Friday, 23 January 2015

#58 + #59: Growlithe and Arcanine

Hoo boy, this was partially considered a legendary at one point, so we're in for a treat. If you remember, Arcanine appeared on a flag with the legendary birds, and it just looks pretty cool anyway. Do the stats back this up?

If we considered Arcanine as a legendary, it would be a similar situation to Manaphy and Phione, except you could evolve the baby. Here, the baby is Growlithe, a pretty cool little puppy with a decent stat array. Both attack stats are very promising at 70 in both, with 55 HP and 45/50 defences, to go with 60 speed.
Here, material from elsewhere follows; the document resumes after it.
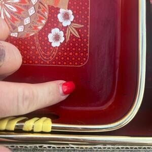 Vintage Toyo Japan Laquerware Nesting Tray Set 3 Maroon Metallic Oriental in box
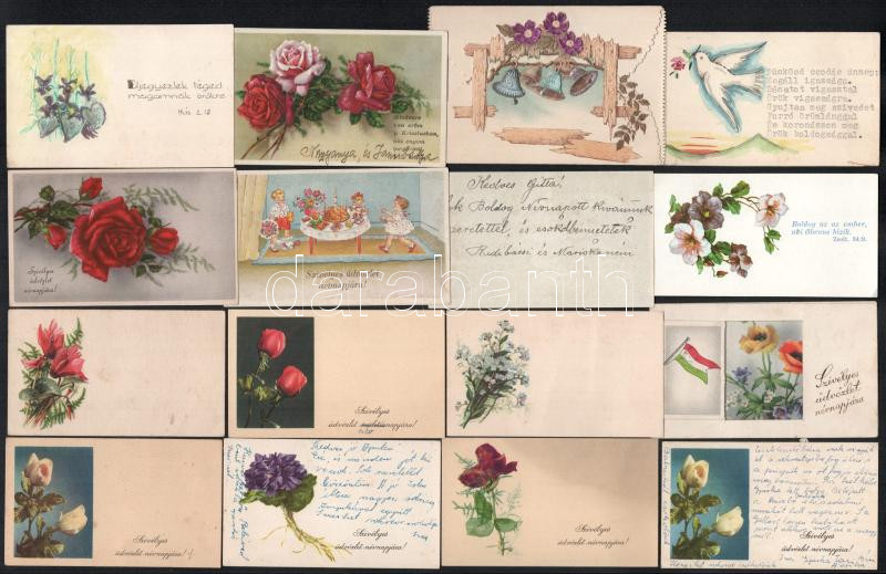 21 db vegyes üdvözlőkártya (névnapi, stb.), részben kézzel írt sorokka...

It's a tad sluggish, but those attacks are interesting, and so you could go either way and be a real problem for a foe to predict what you are doing. You could even mix the EV training on them and the lack of a little punch can be made up for by solidly ruining their checks.
It looks like a proud little puppy!
With abilities, you get intimidate (lowers the foe's attack by one stage), flash fire (gives immunity t fire attacks, and when hit by fire it will boost the power of fire-type attacks to 1.5x, meaning you could switch in on a fire attack and ruin your foe's day) and the hidden ability justified (each time you are hit by a dark-type attack, including each hit of a multi-hit attack, by one stage). Three decent abilities, but the only really problem is being mono-fire-type attack, meaning it's easy to see a way around you, and you get too little in terms of STAB. Since many later Pokemon got new types, this could leave Growlithe and Arcanine behind...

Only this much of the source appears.